Wallhack stuff yeah, the classic problem when withholding opponent positions is clientside prediction, or like you alluded to, packet loss (opponents just suddenly appear, BOO!, haha). I've generally been comfortable in competitive play mandating a certain level of connection quality; if your ping exceeds 200ms, you're gonna have a bad time, sorry. If your packet loss is so bad that you can predict your own movement all across the outside yard of D5M1, you might see your opponent frozen just inside the cave. Too bad. If you're hosting a friendly match, or you just aren't that serious about wallhacks, feel free to turn the feature off.
But you always know how fast a player could move at any given time. Just figure that out (radius), move them around the circle in however many degrees you want (resolution is up to you, 45 degrees, ANG_1, whatever), and if the player could ever see any opponent, send the message. I realize that effectively means you can write a wallhack that sees around corners, but I think that's an inherent limitation of the technique.
Cheating/netcode discussions are fun, I really enjoy them. Closed source clients have their advantages, they can include checks for running under a debugger, or detecting CreateRemoteThread, or require a CPU that supports DEP, but that stuff is sort of elementary.
So, since we know it's a difficult thing (which it appears only ZDaemon has so far tackled), I can only look forward to seeing how you approach the issue of cheating in your open-source doom ports.
You can also leverage a closed source launcher. It's not a perfect solution, and it doesn't address every attack vector, but a competitive event like IDL could probably issue a new launcher for every season that hashed & launched the Odamex client--this would essentially be the same system ZDaemon uses for anti-name-faking. Again it would only be a matter of time before the launcher got cracked, but it would probably take longer than an IDL season, and then it would be useless.

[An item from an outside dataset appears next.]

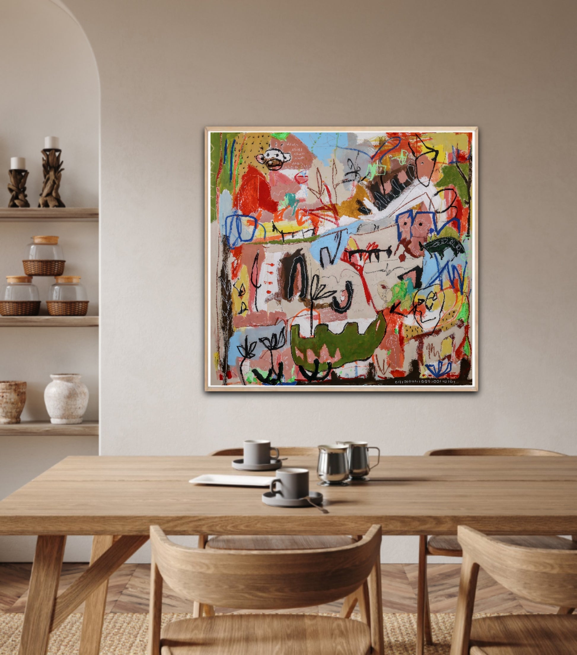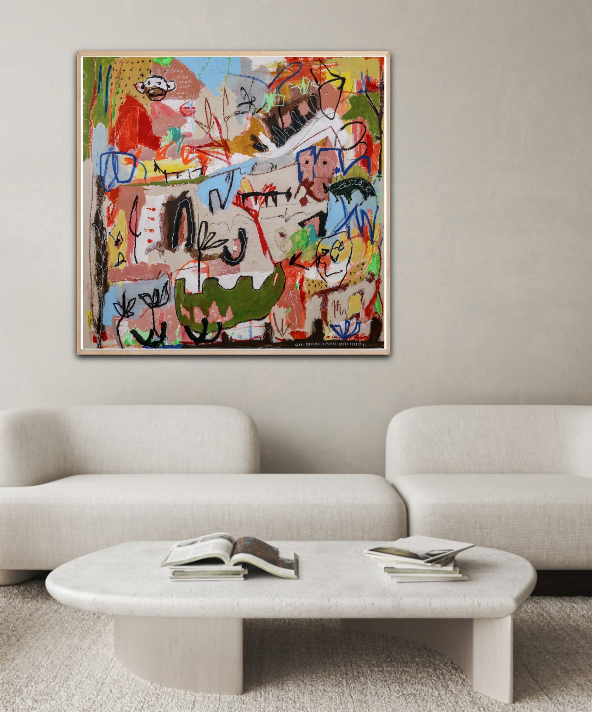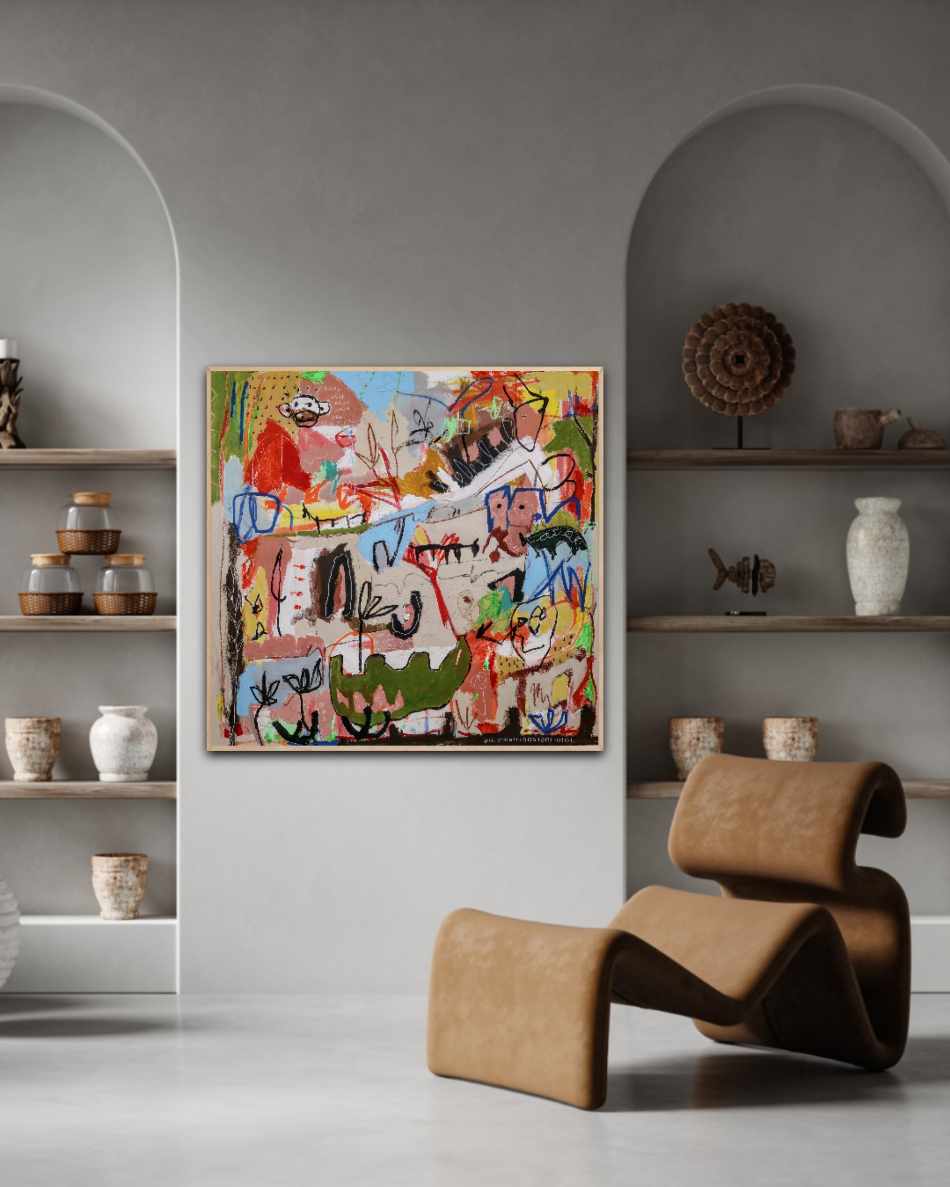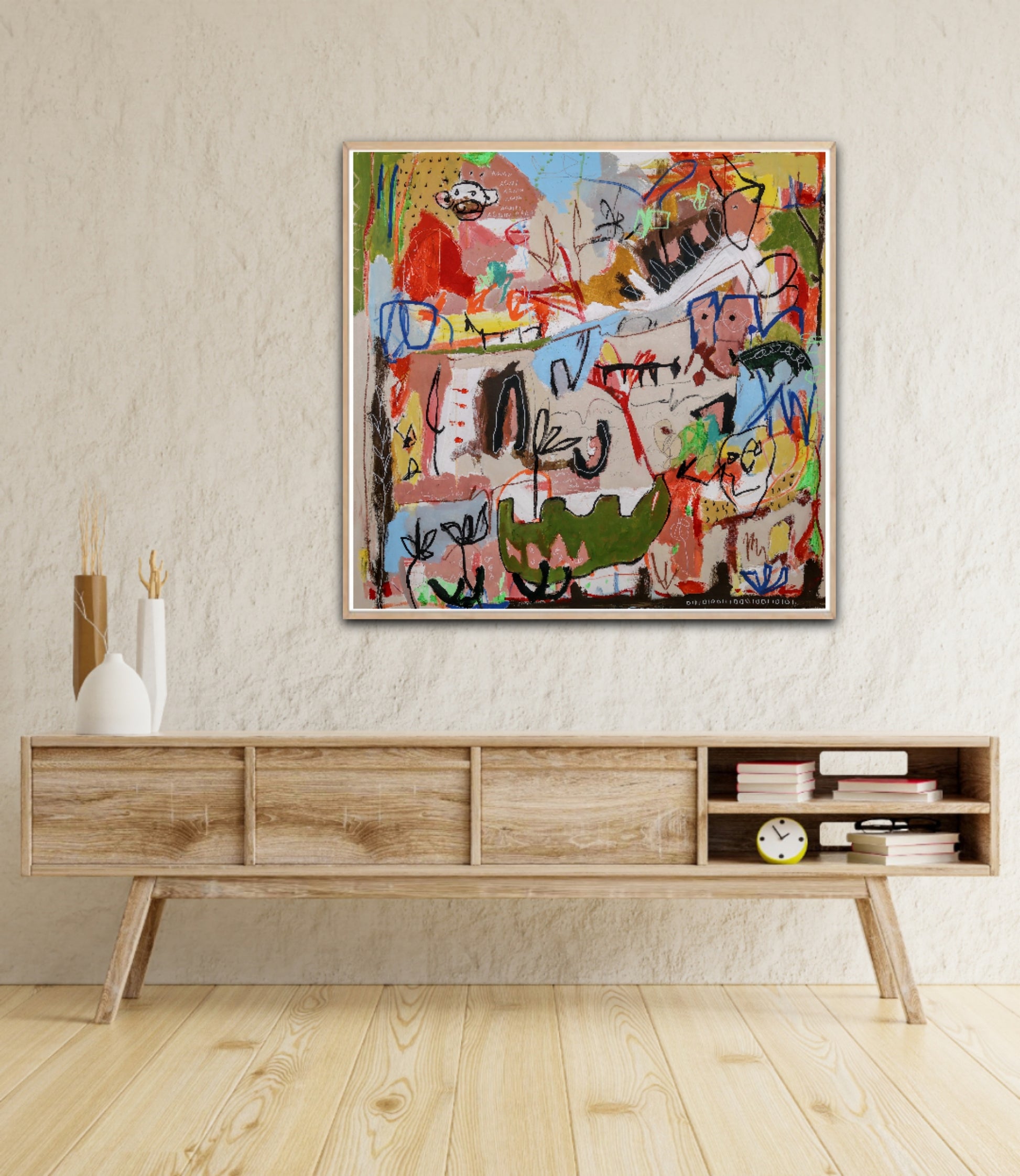 Técnica: acrílico, pigmentos, tempera, carboncillo, lápiz y pastel.

I don't know if ZDaemon does something like this. I traced IDE's system calls to try and figure out what kind of hashing it was using, and I saw that it was reading the whole EXE I had configured as the ZDaemon client (zddemotool.exe). I don't know if that's a normal part of CreateProcess or what. If it's part of anti-cheat, in that thread we agreed that a problem with that system was that the binary could be switched out between verification and execution. You have to set a breakpoint in the launcher (and it looks like IDE crashes under a debugger, hehe), but it's still very doable. It does require dedication and expertise though, so it's unlikely. Just something to consider, unless I'm mistaken outright.

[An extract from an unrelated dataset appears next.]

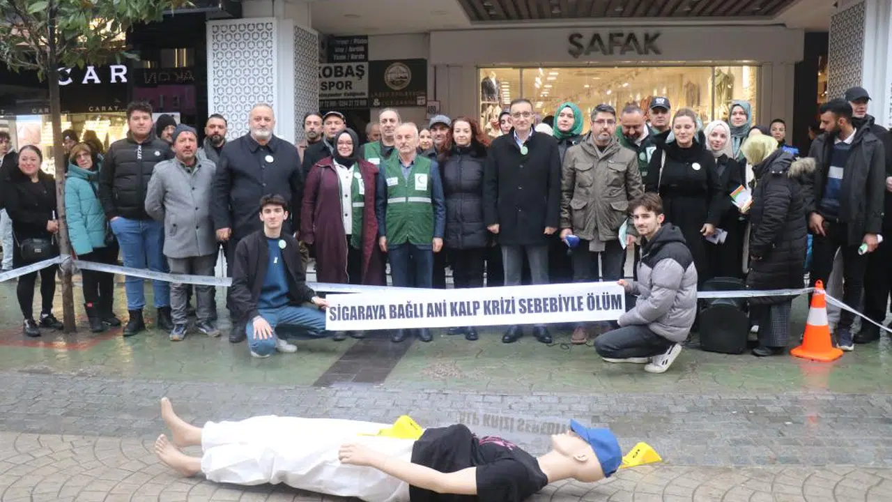 Sakarya'da 9 Şubat Dünya Sigarayı Bırakma Günü kapsamında dikkat çeken bir tatbikat gerçekleştirildi. Kentin işlek noktasına yerleştirilen cansız mankenin sigaraya bağlı kalp krizi geçirdiği senaryo üzerinden sağlık ekipleri müdahale gerçekleştirdi. Tatbikat, vatandaşlar tarafından meraklı gözlerle izlendi.

My guess is that they have the ZDaemon Launcher and IDE do a lot more stuff (like cheat detection). Add that to the new anti-name-fake required verification, and you're requiring users to run anti-cheat through the launcher. This stuff wouldn't really work in Doomseeker because it's open source. Like you said though, their loss :) .
Although I think this conversation may be over, I did want to point out that there is definitely no technical reason Doomseeker can't conform to ZDaemon's protocol. The 1.08 protocol (which can be seen in the ZDaemon plugin code) generates auth tokens as well.